Carrots are one of the most universally popular vegetables that anyone can grow, regardless whether they have a green thumb or not. You can grow carrots quite easily in the comfort of your own home or garden, without seeds, or any specialized area in your backyard to grow them; in fact, a balcony or patio is more than adequate to grow carrots. Let’s examine the ways you can grow carrots at home, from either their seeds or leftover tops.
Growing carrots from carrot tops
Whole carrots that you buy from the market usually will have their tops intact, and this allows you to regenerate carrot plants from those carrot tops. So instead of throwing them away into the compost bin, use those carrot tops to regrow healthy carrot greens. Simply place the tops in a bowl of water about an inch deep, with the cut side facing down and the top halfway covered by the water.
Place the bowl on a windowsill and change the water daily. When the carrot tops start to sprout new shoots, transfer the carrot tops to a pot/container of soil. You can then either harvest them when they are young or wait till they are more mature. Do note that carrot leaves are actually also edible, tasting a bit like parsley.
Growing carrots in soil from seed
Carrots prefer loose, well-drained soils of a sandy loam nature. If your soil is not sandy at all, you may wish to add extra sand in first. In heavy soil, they take longer to mature, and the roots often turn out ugly. Prepare the soil by removing any rocks and large debris from the surface. Using a spade, dig and churn up the soil to about 8-12 inches deep (until the soil is fine and crumbly).
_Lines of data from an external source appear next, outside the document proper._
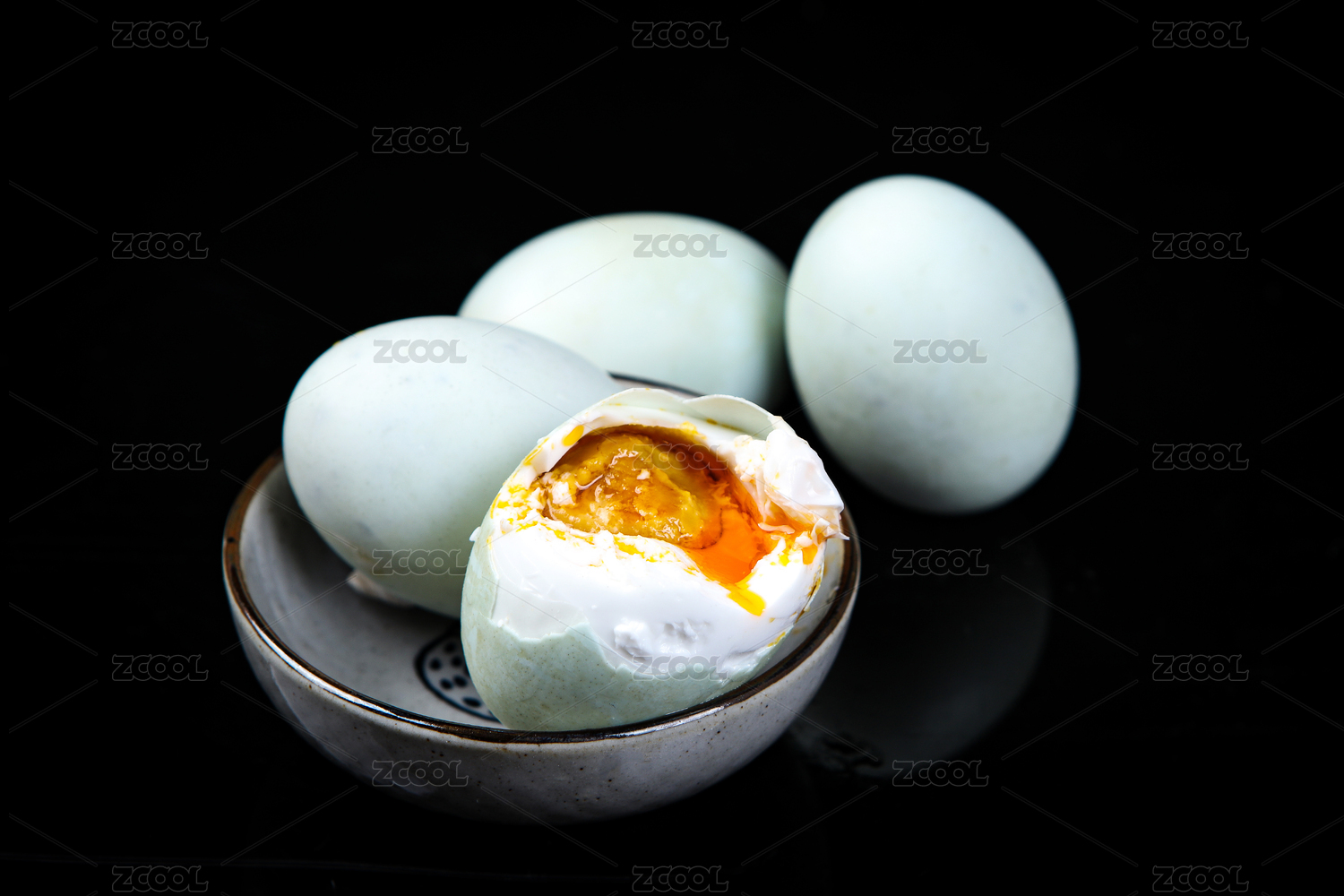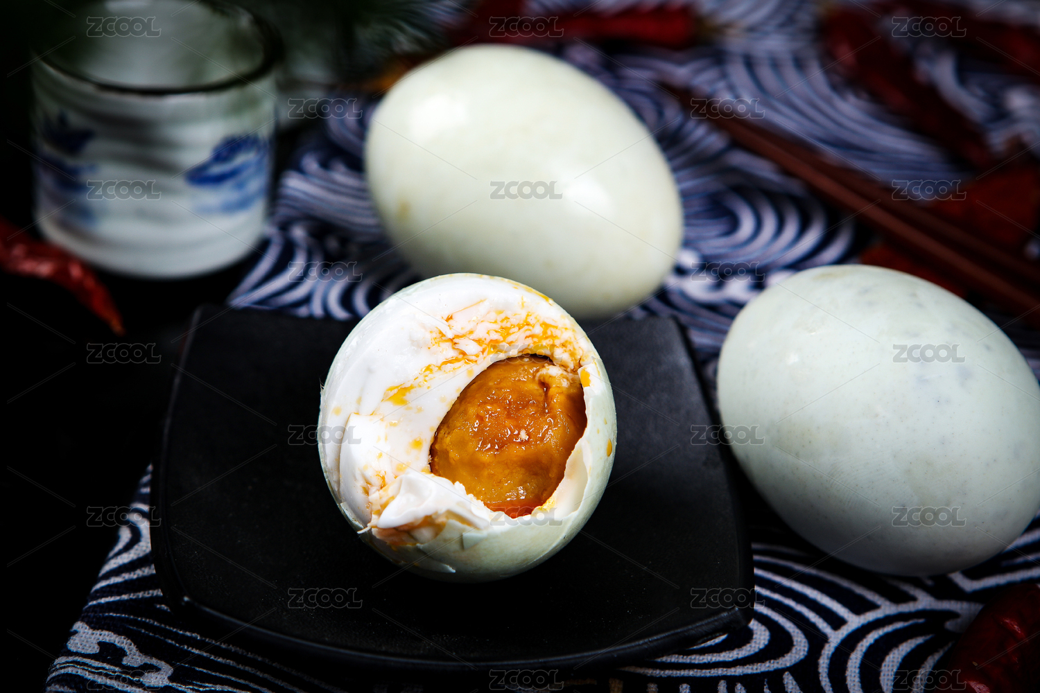 黑底上放着两个完整的海鸭蛋和一个流油鸭蛋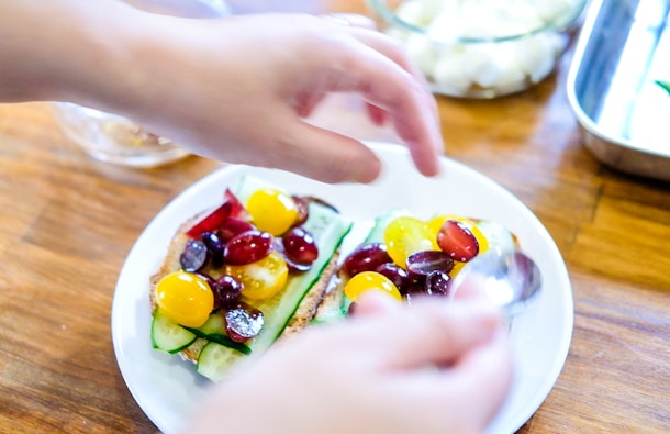 レッドクリムゾンとチェリートマトをはちみつビネガーでマリネして、ピーラーしたきゅうり、モッツァレラと、トーストの上に構築していきます。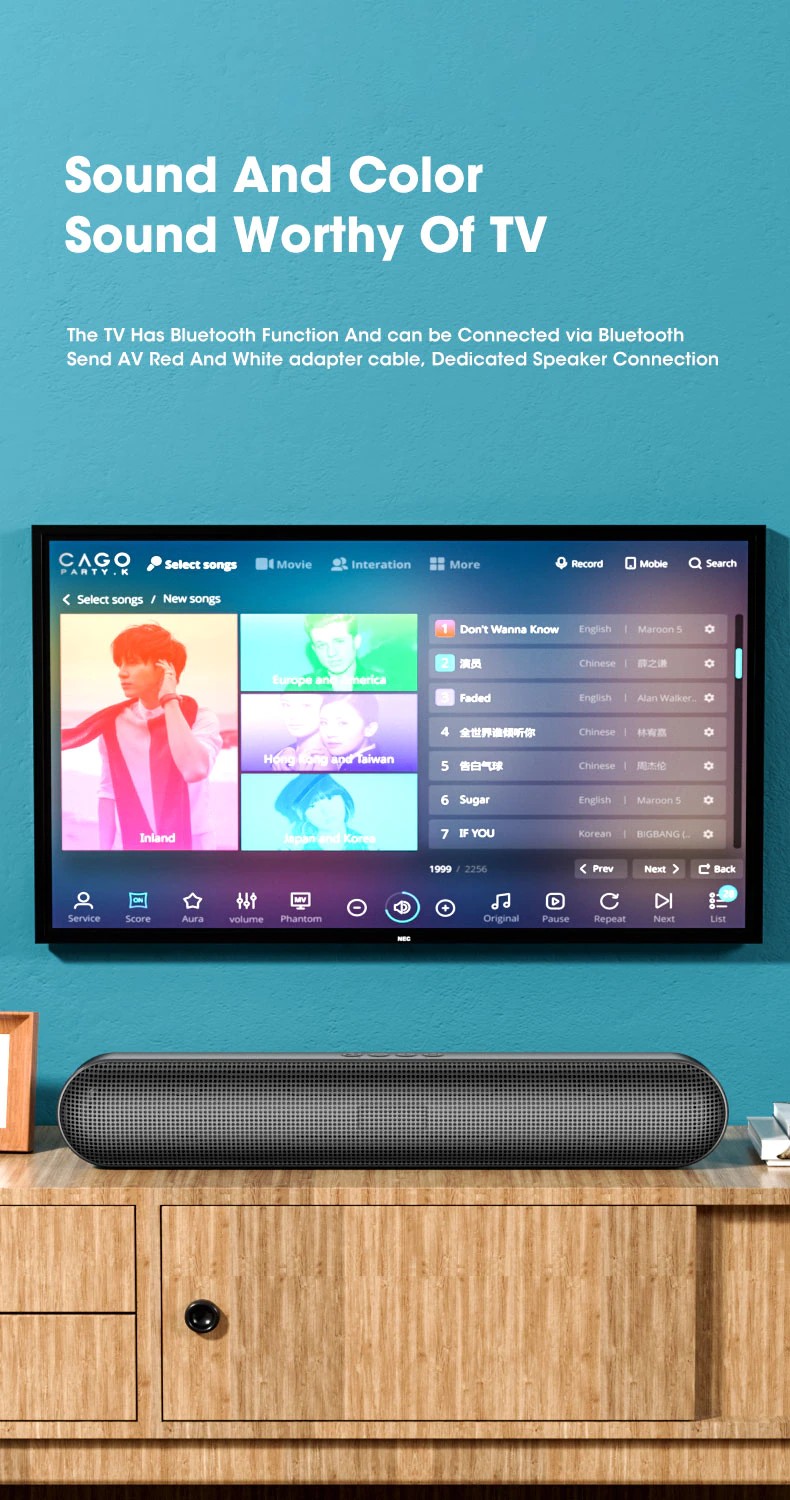 Le téléviseur a une fonction bluetooth et peut être connecté via bluetooth envoyer un câble adaptateur AV rouge et blanc, connexion dédiée aux haut-parleurs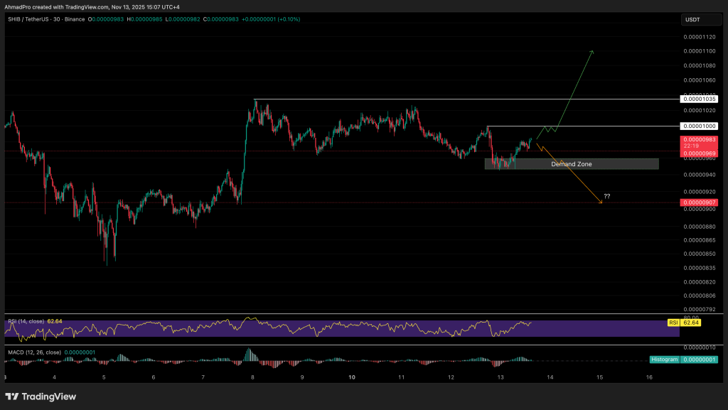 The RSI is sitting around 64, which shows the momentum is still leaning bullish. If SHIB can close above 0.0000100 with some real volume behind it, a push toward 0.00001035 and maybe even 0.0000112 is on the table.

We recommend creating small raised rows due to the fact that raised beds encourage better air and water movement through the soil.
For home planting, 5-10 feet of rows or ridges (about 1 pound of carrots per row) per person should be enough for consumption. It’s important to use fresh organic carrot seeds, as they will not keep from year to year. The raised carrot rows should be about 1-2 feet apart. If you are going to space the rows further apart, it’s recommended to plant two carrot seed rows per raised carrot ridge.
Carrots can be grown from seed, and they are best planted in early spring or late fall. Plant them as early as 1 month before the last anticipated frost date. Those are when the temperatures are a bit cooler (high temperatures lead to ugly carrots). Create a small trench (or two – as mentioned) about 0.5 inches deep on top of those raised beds/ridges. Scatter about 20 carrot seeds into these trenches (per foot), and cover them up lightly. The seeds normally take about 14-21 days to sprout.
Before planting carrots, it is recommended to scatter one cup of whole fertilizer or good quality compost per 10 feet of carrot row. Using a rake, mix the fertilizer into the soil up to 4 inches deep. When the carrots start growing to a height of 4 inches, you might want to add a couple more tablespoons of fertilizer to each row, and also when they reach 6-8 inches tall, depending on their appearance. Pale leaves indicate lack of nutrients, so gauge by how healthy they are.
To ensure your carrots contain more calcium content, you can amend your soil by mixing in crushed egg shells that have been ground into a fine powder. A rule of thumb is to mix in a half teaspoon of egg shells for every carrot.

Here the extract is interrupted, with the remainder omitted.